Can someone explain to me, how the explained / residual variance from the dissassoc
command is computed? I tried to add up the variance within using the discrepancies of the different levels, but it didn't work. Let's take a small random sample (n=10).
data(mvad)
library(dplyr)
set.seed(10)
mv = mvad %>% group_by(male) %>% sample_n(5)
mvad.seq <- seqdef(mv[,17:20])
# compute the dissimilarity matrix
mvad.ham <- seqdist(mvad.seq, method="HAM")
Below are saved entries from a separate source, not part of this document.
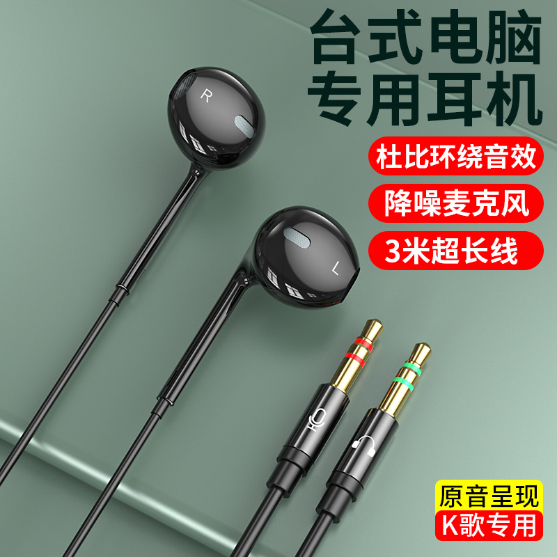 台式电脑耳机有线入耳式笔记本游戏直播办公带麦通话筒一体双插头
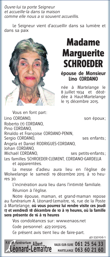 Décédée à Martelange (6630) le mardi 15 décembre 2015 à l'âge de 81 ans
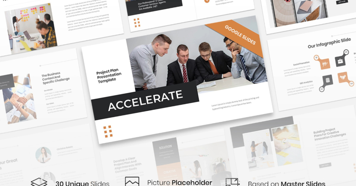 Accelerate - Projectplan Google Slides-sjabloon is geschikt voor het presenteren van alles wat met het projectplan te maken heeft. Deze presentatie kan echter worden aangepast voor zakelijke doeleinden.

# compute the discrepancy analysis
d = dissassoc(mvad.ham, group = mv$male, R=10)
d
# Pseudo ANOVA table:
# SS df MSE
# Exp 1.7 1 1.700000
# Res 9.6 8 1.200000
# Total 11.3 9 1.255556
I understand how to compute the Total
by hand:
sum(mvad.ham) / (2* 10) # = Total 11.3
Questions:
- How do you compute the
Exp
andRes
values by hand? - Could you please demonstrate us how do you compute the Total Sum of Square?
I understand from (Studer et al., 2010) that the equation is:
$$ SS = \sum_{i=1}^{n} w_i(y_i - \bar{y})^2 $$
What does the $\bar{y}$ represents exactly? Could you demonstrate on this example how one can compute the $SS$ from mvad.ham
manually?